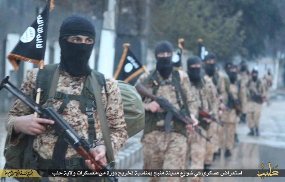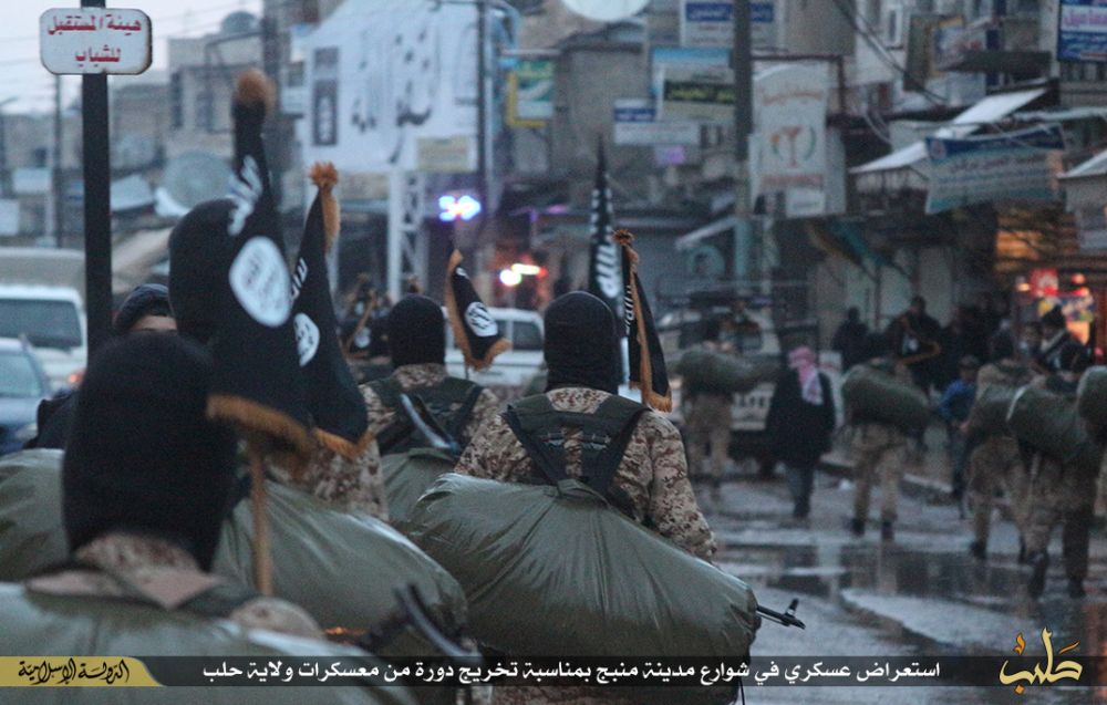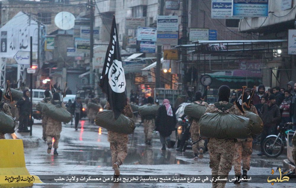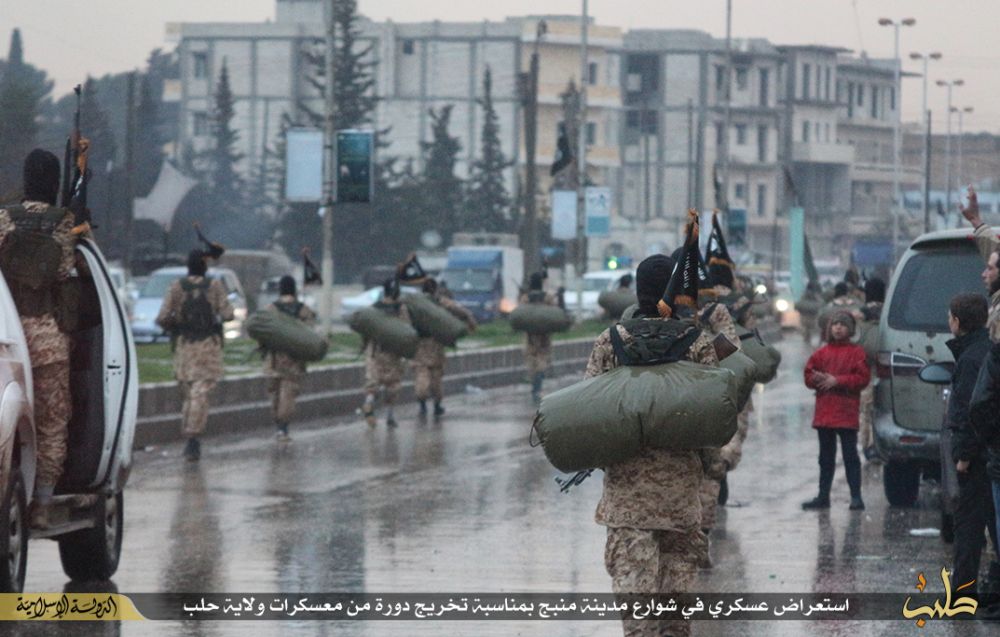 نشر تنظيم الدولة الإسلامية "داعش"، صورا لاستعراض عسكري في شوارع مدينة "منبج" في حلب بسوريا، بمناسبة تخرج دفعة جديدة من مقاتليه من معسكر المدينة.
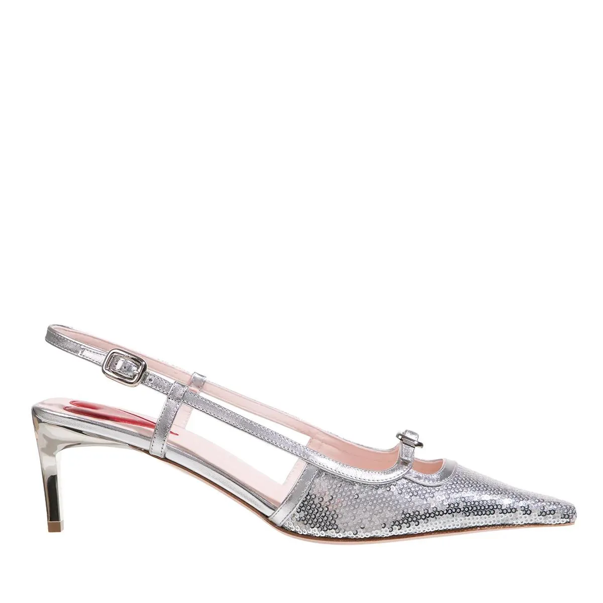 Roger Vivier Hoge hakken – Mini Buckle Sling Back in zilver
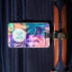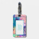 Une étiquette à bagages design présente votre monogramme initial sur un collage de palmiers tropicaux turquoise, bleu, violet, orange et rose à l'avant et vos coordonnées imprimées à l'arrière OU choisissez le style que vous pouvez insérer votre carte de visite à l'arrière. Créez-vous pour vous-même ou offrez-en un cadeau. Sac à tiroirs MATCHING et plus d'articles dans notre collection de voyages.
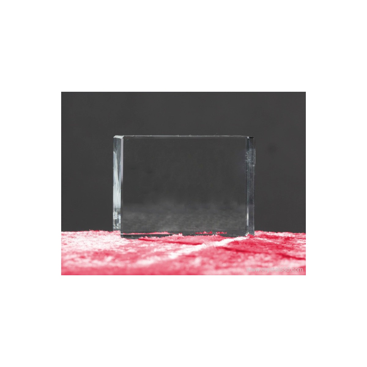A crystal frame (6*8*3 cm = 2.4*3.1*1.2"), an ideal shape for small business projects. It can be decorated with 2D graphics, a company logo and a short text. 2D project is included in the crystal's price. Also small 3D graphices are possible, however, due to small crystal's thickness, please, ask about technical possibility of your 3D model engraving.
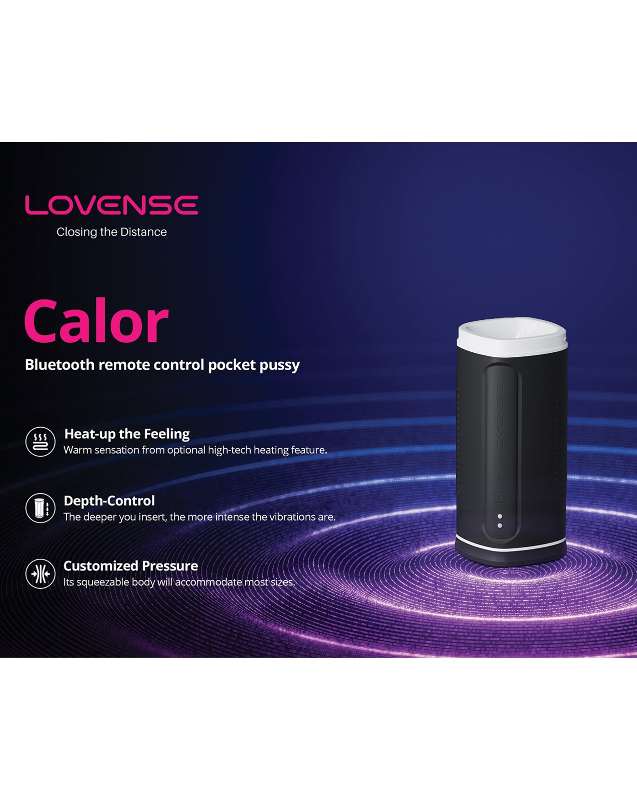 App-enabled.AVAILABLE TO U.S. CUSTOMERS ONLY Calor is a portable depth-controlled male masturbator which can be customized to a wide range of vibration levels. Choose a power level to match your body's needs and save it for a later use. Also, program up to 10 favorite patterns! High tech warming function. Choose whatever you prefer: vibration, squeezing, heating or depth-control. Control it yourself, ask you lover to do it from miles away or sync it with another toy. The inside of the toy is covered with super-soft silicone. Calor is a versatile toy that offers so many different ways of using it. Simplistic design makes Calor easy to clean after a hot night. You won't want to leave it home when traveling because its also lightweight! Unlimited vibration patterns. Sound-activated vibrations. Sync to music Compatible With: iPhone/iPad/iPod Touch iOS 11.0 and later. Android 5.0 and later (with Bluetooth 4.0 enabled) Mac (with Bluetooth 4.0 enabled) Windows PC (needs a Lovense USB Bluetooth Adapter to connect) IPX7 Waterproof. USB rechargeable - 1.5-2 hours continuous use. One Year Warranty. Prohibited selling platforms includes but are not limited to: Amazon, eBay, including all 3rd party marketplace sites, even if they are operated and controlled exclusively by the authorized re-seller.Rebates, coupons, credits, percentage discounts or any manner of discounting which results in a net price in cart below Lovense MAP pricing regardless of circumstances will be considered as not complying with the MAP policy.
* * *
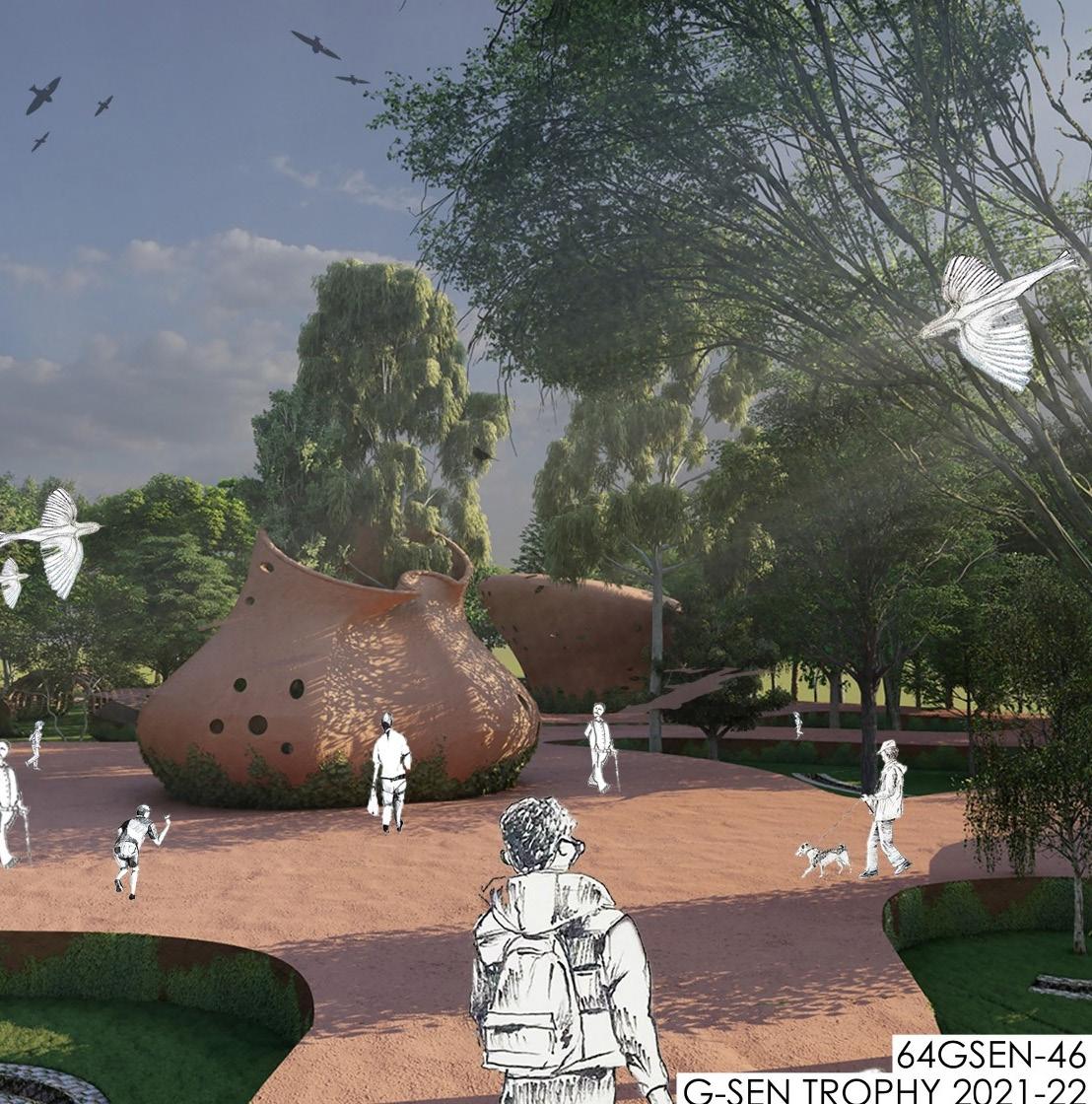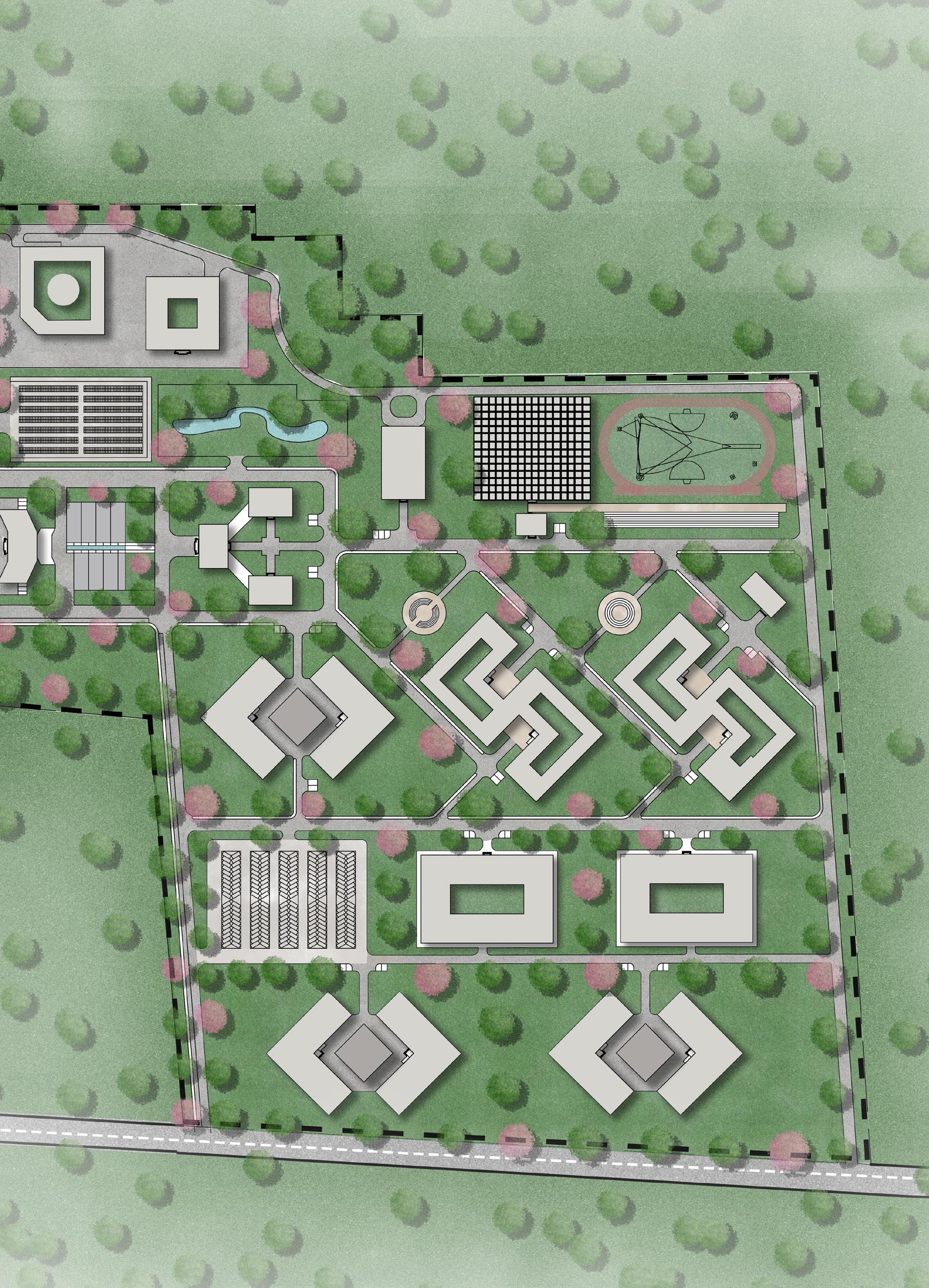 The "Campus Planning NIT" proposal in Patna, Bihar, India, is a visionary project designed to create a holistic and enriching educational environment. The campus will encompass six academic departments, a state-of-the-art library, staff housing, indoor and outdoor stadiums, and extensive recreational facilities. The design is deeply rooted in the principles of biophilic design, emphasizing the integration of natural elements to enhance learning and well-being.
---
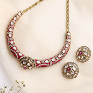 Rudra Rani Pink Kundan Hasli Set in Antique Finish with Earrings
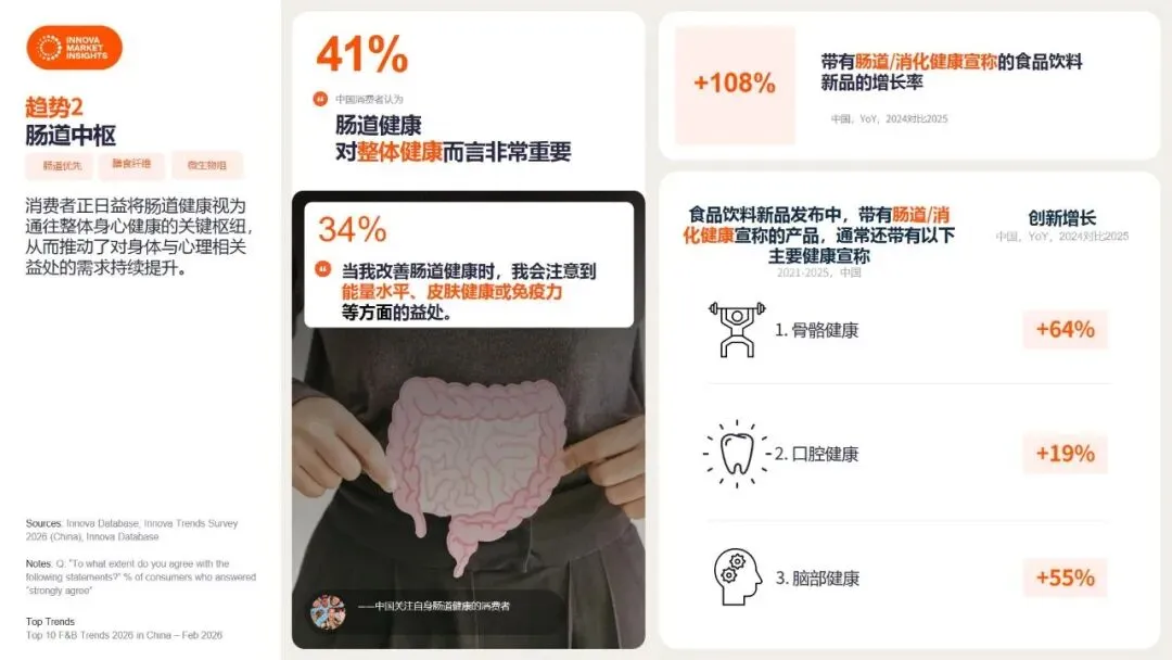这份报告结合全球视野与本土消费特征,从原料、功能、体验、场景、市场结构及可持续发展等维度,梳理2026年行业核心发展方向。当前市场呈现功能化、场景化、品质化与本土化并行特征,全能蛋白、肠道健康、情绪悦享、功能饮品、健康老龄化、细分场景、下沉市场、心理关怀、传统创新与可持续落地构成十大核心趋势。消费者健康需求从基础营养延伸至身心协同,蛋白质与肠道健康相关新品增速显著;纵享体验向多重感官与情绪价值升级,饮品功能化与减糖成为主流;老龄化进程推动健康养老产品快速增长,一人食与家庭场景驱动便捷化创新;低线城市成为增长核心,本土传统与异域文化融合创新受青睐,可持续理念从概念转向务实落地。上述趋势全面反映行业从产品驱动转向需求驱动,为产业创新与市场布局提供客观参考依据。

GOAL OF THE EXERCISE> After locating "A crystal frame" and "App-enabled.AVAILABLE TO U.S." in the records above, return exactly the line holding each one and every line between them; leave out the pictures.

SOLUTION FOR THIS EXERCISE>
A crystal frame (6*8*3 cm = 2.4*3.1*1.2"), an ideal shape for small business projects. It can be decorated with 2D graphics, a company logo and a short text. 2D project is included in the crystal's price. Also small 3D graphices are possible, however, due to small crystal's thickness, please, ask about technical possibility of your 3D model engraving.
 App-enabled.AVAILABLE TO U.S. CUSTOMERS ONLY Calor is a portable depth-controlled male masturbator which can be customized to a wide range of vibration levels. Choose a power level to match your body's needs and save it for a later use. Also, program up to 10 favorite patterns! High tech warming function. Choose whatever you prefer: vibration, squeezing, heating or depth-control. Control it yourself, ask you lover to do it from miles away or sync it with another toy. The inside of the toy is covered with super-soft silicone. Calor is a versatile toy that offers so many different ways of using it. Simplistic design makes Calor easy to clean after a hot night. You won't want to leave it home when traveling because its also lightweight! Unlimited vibration patterns. Sound-activated vibrations. Sync to music Compatible With: iPhone/iPad/iPod Touch iOS 11.0 and later. Android 5.0 and later (with Bluetooth 4.0 enabled) Mac (with Bluetooth 4.0 enabled) Windows PC (needs a Lovense USB Bluetooth Adapter to connect) IPX7 Waterproof. USB rechargeable - 1.5-2 hours continuous use. One Year Warranty. Prohibited selling platforms includes but are not limited to: Amazon, eBay, including all 3rd party marketplace sites, even if they are operated and controlled exclusively by the authorized re-seller.Rebates, coupons, credits, percentage discounts or any manner of discounting which results in a net price in cart below Lovense MAP pricing regardless of circumstances will be considered as not complying with the MAP policy.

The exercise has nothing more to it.